### Problem description:
Exactly the lines from the start of the data below through the line that contains "На футболе нашлась" are to be copied, with pictures left out.

### Raw data:
_ _ _ _
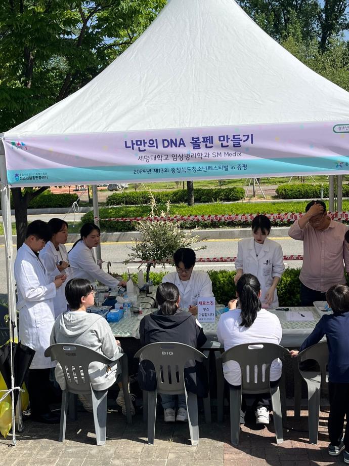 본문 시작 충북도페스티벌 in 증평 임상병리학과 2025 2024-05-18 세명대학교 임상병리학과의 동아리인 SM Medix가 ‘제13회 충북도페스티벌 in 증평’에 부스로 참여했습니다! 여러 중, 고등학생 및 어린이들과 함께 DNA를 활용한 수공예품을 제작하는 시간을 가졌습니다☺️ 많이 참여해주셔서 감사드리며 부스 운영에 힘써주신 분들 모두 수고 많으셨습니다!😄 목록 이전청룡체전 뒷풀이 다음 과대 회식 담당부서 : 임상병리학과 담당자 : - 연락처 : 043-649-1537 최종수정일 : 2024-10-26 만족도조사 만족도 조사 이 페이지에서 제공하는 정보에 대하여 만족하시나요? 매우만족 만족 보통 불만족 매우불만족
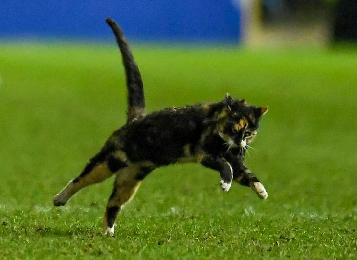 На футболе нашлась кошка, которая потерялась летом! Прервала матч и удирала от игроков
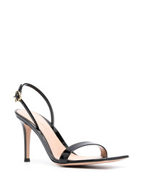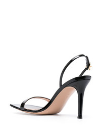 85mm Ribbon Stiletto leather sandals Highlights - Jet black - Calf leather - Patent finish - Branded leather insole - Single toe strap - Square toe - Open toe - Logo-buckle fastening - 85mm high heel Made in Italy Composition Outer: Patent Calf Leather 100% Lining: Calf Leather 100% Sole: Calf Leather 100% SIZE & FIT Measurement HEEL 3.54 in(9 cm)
_ _ _ _
### Reply:
 본문 시작 충북도페스티벌 in 증평 임상병리학과 2025 2024-05-18 세명대학교 임상병리학과의 동아리인 SM Medix가 ‘제13회 충북도페스티벌 in 증평’에 부스로 참여했습니다! 여러 중, 고등학생 및 어린이들과 함께 DNA를 활용한 수공예품을 제작하는 시간을 가졌습니다☺️ 많이 참여해주셔서 감사드리며 부스 운영에 힘써주신 분들 모두 수고 많으셨습니다!😄 목록 이전청룡체전 뒷풀이 다음 과대 회식 담당부서 : 임상병리학과 담당자 : - 연락처 : 043-649-1537 최종수정일 : 2024-10-26 만족도조사 만족도 조사 이 페이지에서 제공하는 정보에 대하여 만족하시나요? 매우만족 만족 보통 불만족 매우불만족
 На футболе нашлась кошка, которая потерялась летом! Прервала матч и удирала от игроков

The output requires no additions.